Wilderness Watch v. United States Fish and Wildlife Service
This text of Wilderness Watch v. United States Fish and Wildlife Service (Wilderness Watch v. United States Fish and Wildlife Service) is published on Counsel Stack Legal Research, covering District Court, D. Montana primary law. Counsel Stack provides free access to over 12 million legal documents including statutes, case law, regulations, and constitutions.
Opinion
IN THE UNITED STATES DISTRICT COURT FOR THE DISTRICT OF MONTANA MISSOULA DIVISION
WILDERNESS WATCH, ALLIANCE CV 23—-77-M-DWM FOR THE WILD ROCKIES, GALLATIN WILDLIFE ASSOCIATION, and YELLOWSTONE TO UINTAS ORDER CONNECTION, Plaintiffs, VS. UNITED STATES FISH & WILDLIFE SERVICE, an agency of the U.S. Department of Interior, Defendant, and MONTANA DEPARTMENT OF FISH, WILDLIFE AND PARKS, Defendant-Intervenor.
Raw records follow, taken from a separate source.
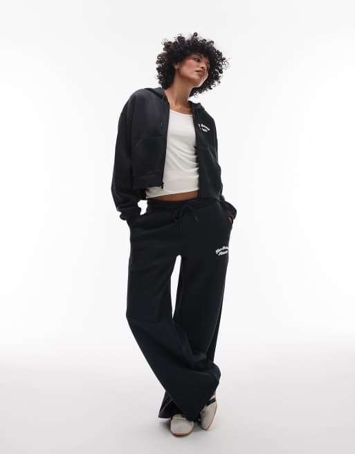 New Balance - Joggers con fondo ampio e felpa con cappuccio in pile nero
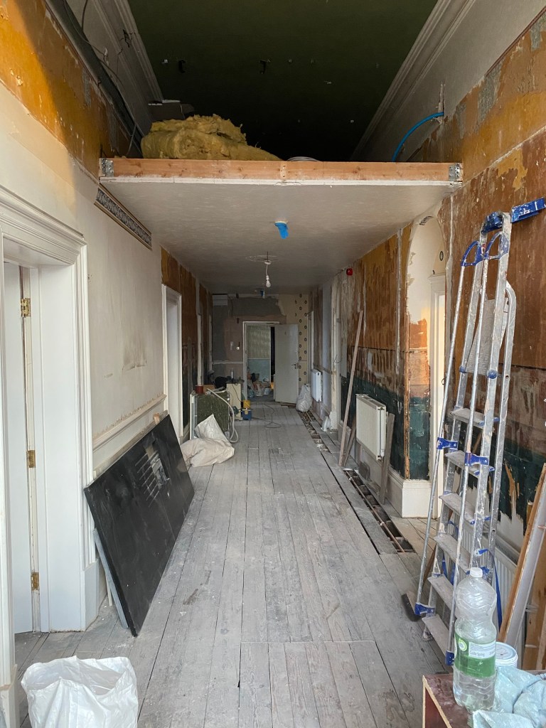 This hallway is 2.5 metres wide by 15 metres long and would have been part of the original hotel corridor when it was built.
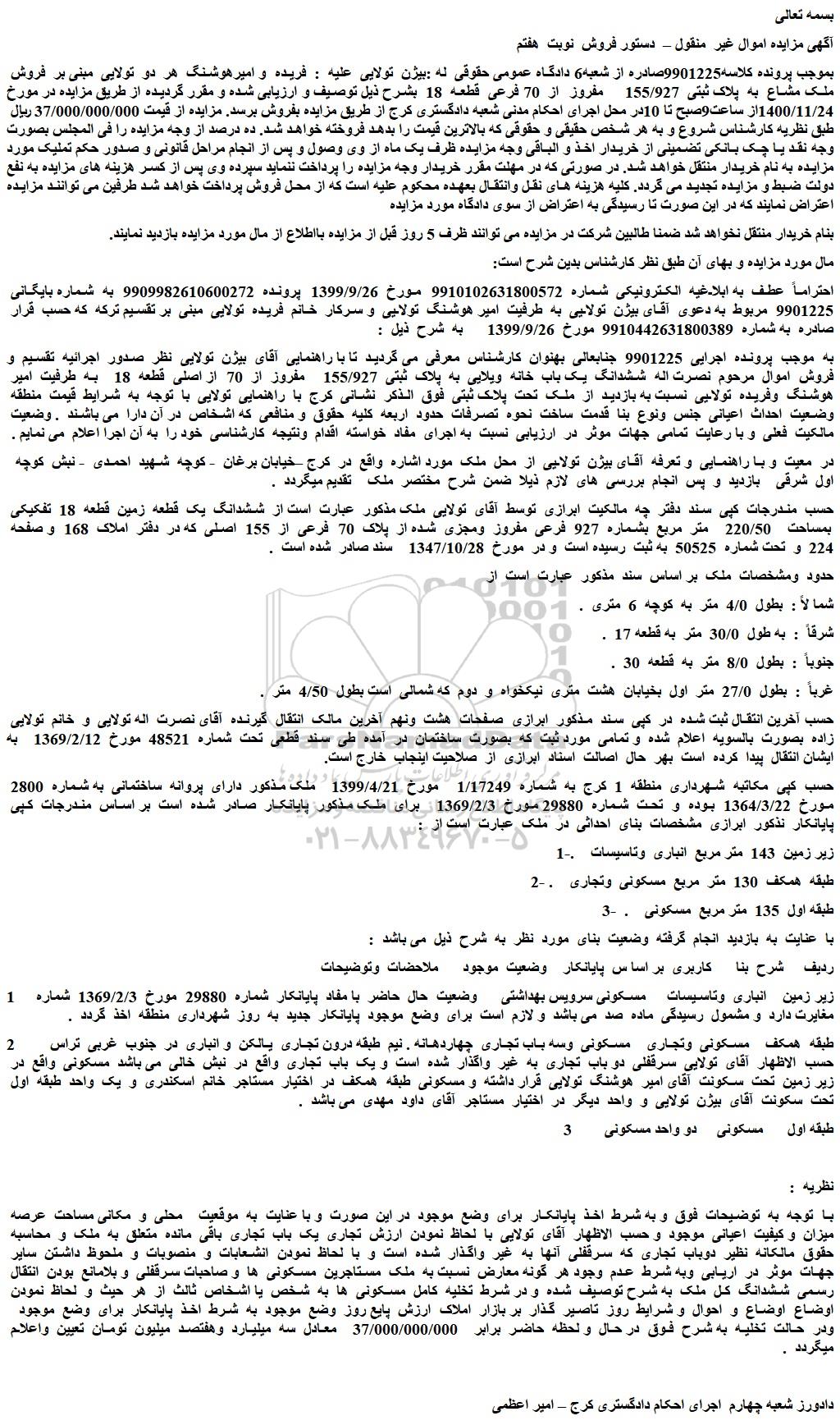 بموجب پرونده کلاسه9901225صادره از شعبه6 دادگاه عمومی حقوقی له :بیژن تولایی علیه : فریده و امیرهوشنگ هر دو تولایی مبنی بر فروش ملک مشاع به پلاک ثبتی 155/927 مفروز از 70 فرعی قطعه 18 بشرح ذیل توصیف و ارزیابی شده و مقرر گردیده از طریق مزایده در مورخ 1400/11/24از ساعت9صبح تا 10در محل اجرای احکام مدنی شعبه دادگستری کرج از طریق مزایده بفروش برسد. مزایده از قیمت 37/000/000/000 ریال طبق نظریه کارشناس شروع و به هر شخص حقیقی و حقوقی که بالاترین قیمت را بدهد فروخته خواهد شد. ده درصد از وجه مزایده را فی المجلس بصورت وجه نقد یا چک بانکی تضمینی از خریدار اخذ و الباقی وجه مزایده ظرف یک ماه از وی وصول و پس از انجام مراحل قانونی و صدور حکم تملیک مورد مزایده به نام خریدار منتقل خواهد شد. در صورتی که در مهلت مقرر خریدار وجه مزایده را پرداخت ننماید سپرده وی پس از کسر هزینه های مزایده به نفع دولت ضبط و مزایده تجدید می گردد. کلیه هزینه های نقل وانتقال بعهده محکوم علیه است که از محل فروش پرداخت خواهد شد طرفین می توانند مزایده اعتراض نمایند که در این صورت تا رسیدگی به اعتراض از سوی دادگاه مورد مزایده
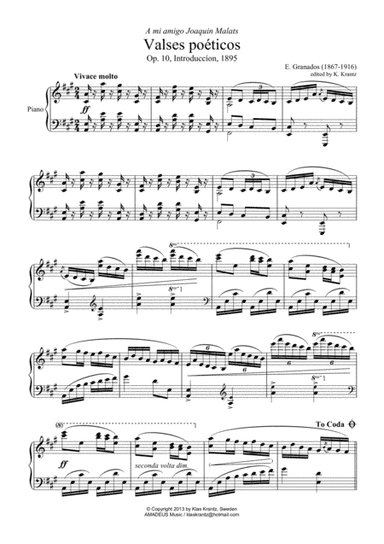 Piano Solo - Level 4 - Digital Download SKU: A0.532354 Composed by Enrique Granados. Arranged by Klas Krantz. Romantic Period. Score. 2 pages. Amadeus Music #6049621. Published by Amadeus Music (A0.532354). Enrique Granados (1867–1916) was a Spanish pianist and composer of classical music. His music is in a uniquely Spanish style and, as such, representative of musical nationalism. Granados wrote piano music, chamber music, songs, zarzuelas, and an orchestral tone poem based on Dante’s Divine Comedy. Many of his piano compositions have been transcribed for the classical guitar and are generally considered as some of the most beautiful music in the guitar repertoire: examples include Danza No. 5 and Goyescas. This product was created by a member of ArrangeMe, Hal Leonard's global self-publishing community of independent composers, arrangers, and songwriters. ArrangeMe allows for the publication of unique arrangements of popular titles and original compositions from a variety of voices and backgrounds. The length, difficulty, and retail pricing are determined solely by the discretion of the person who arranged or composed it. About Digital Downloads Digital Downloads are downloadable sheet music files that can be viewed directly on your computer, tablet or mobile device. Once you download your digital sheet music, you can view and print it at home, school, or anywhere you want to make music, and you don’t have to be connected to the internet. Just purchase, download and play! PLEASE NOTE: Your Digital Download will have a watermark at the bottom of each page that will include your name, purchase date and number of copies purchased. You are only authorized to print the number of copies that you have purchased. You may not digitally distribute or print more copies than purchased for use (i.e., you may not print or digitally distribute individual copies to friends or students).
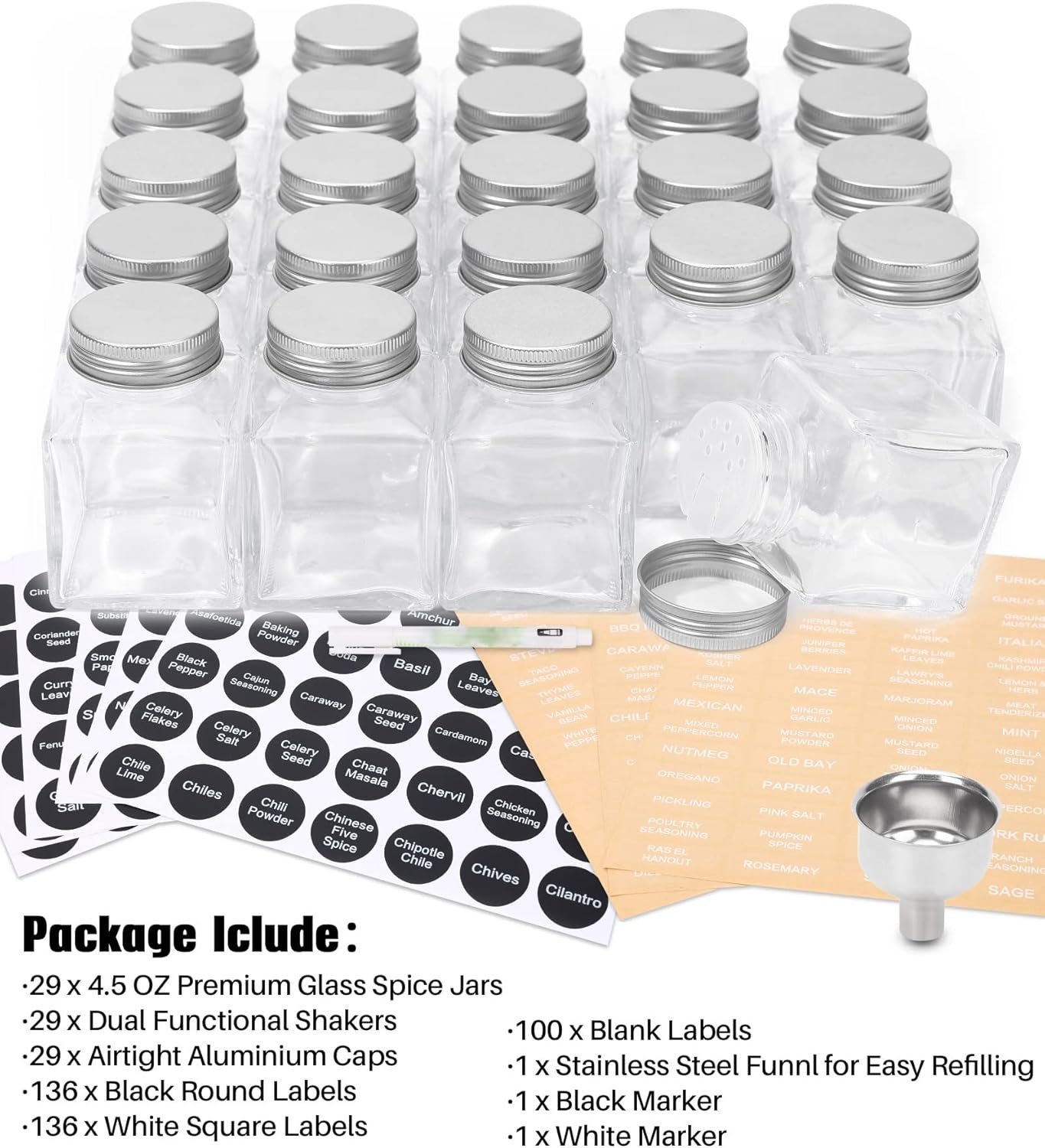 Package Include 29 x 4.5 OZ Premium Glass Spice Jars 29 x Dual Functional Shakers 29 x Airtight Aluminium Caps 136 x Round Black Labels 136 x White Square Labels 1 x Stainless Steel Funnl for Easy Refilling 2 x 1 x Marker
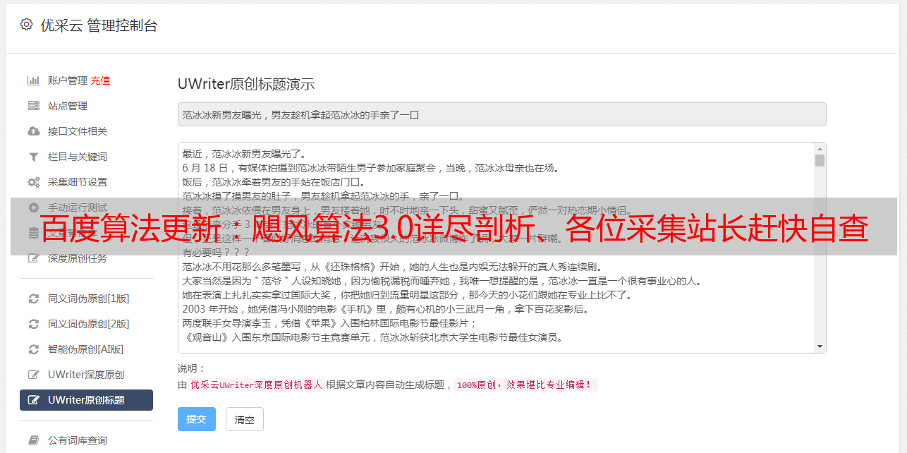 百度算法更新:飓风算法3.0详尽剖析、各位采集站长赶快自查网站把
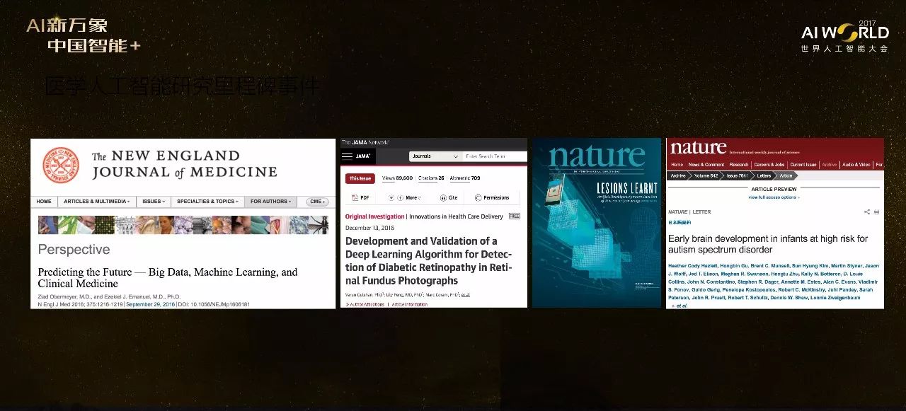 今年发生的多个重要事件让AI在医学领域的应用变得非常火爆。首先是我的一个医生朋友去年在新英格兰医学杂志上发表的一篇论文,讨论了大数据和机器学习对临床医学的一些影响,里面有一个观点:以前大家用的AI是专家系统,专家系统就好比是医学院的学生,毕业后做医生看病时实际是把病人当前状况和书本里面学到的知识作比较,书本里叫我怎样做我就应该怎样做。而现在的机器学习和AI更像是已经在看病人的医生,从已有的案列中寻找相似性,绝非仅限于书本知识 。
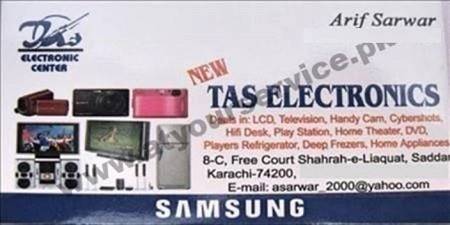 New TAS Electronics is located in Free Court Shahra e Liaquat, Saddar, Karachi. We deal with LCD TV, Handycam, Cybershots, Playstations, Home Theater, DVD Players, Refrigerators, Deep Freezers, and Home Appliances.
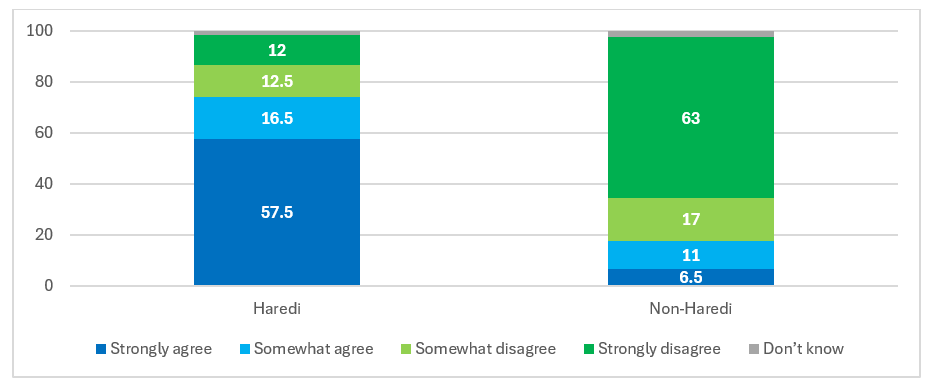 In this context, we also examined the degree of public agreement with the claim made by several Haredi Knesset members and officials that the attorney general is to blame for the deaths of the infants, due to her decision to suspend daycare subsidies for families of kollel students, thus forcing them to place their infants in unauthorized private frameworks that are cheaper. A large majority (70%) of the total sample disagree with this accusation.

The Montana Department of Fish, Wildlife and Parks (“Montana Fish, Wildlife, and Parks”) seeks to intervene in this action as a matter of right pursuant
to Federal Rule of Civil Procedure 24(a) or, in the alternative, to intervene at the Court’s discretion pursuant to Rule 24(b). (Doc. 17.) Plaintiffs take no position on the motion. Defendant United States Fish and Wildlife Service (the “Service’”) opposes intervention under Rule 24(a), but takes no position on intervention under Rule 24(b). Because intervention is appropriate under Rule 24(a), Montana Fish, Wildlife, and Parks’ motion is granted. Intervention as of right under Rule 24(a) is appropriate when the party seeking to intervene demonstrates the following: (1) the application is timely; (2) the applicant has a significant protectable interest relating to the subject of the action; (3) the applicant’s ability to protect its interest may be impaired or impeded by the disposition of the action; and (4) the existing parties may not adequately represent the applicant’s interest. See Citizens for Balanced Use v. Mont. Wilderness Ass’n, 647 F.3d 893, 897 (9th Cir. 2011). “While an applicant seeking to intervene has the burden to show that these four elements are met, the requirements are broadly interpreted in favor of intervention.” Jd. The review of
an application to intervene “is guided primarily by practical considerations, not technical distinctions.” Jd. (quotation marks omitted). On the first factor, timeliness, considerations include: “(1) the stage of the proceeding at which an applicant seeks to intervene; (2) the prejudice to other parties; and (3) the reason for and length of the delay.” W. Watersheds Project v.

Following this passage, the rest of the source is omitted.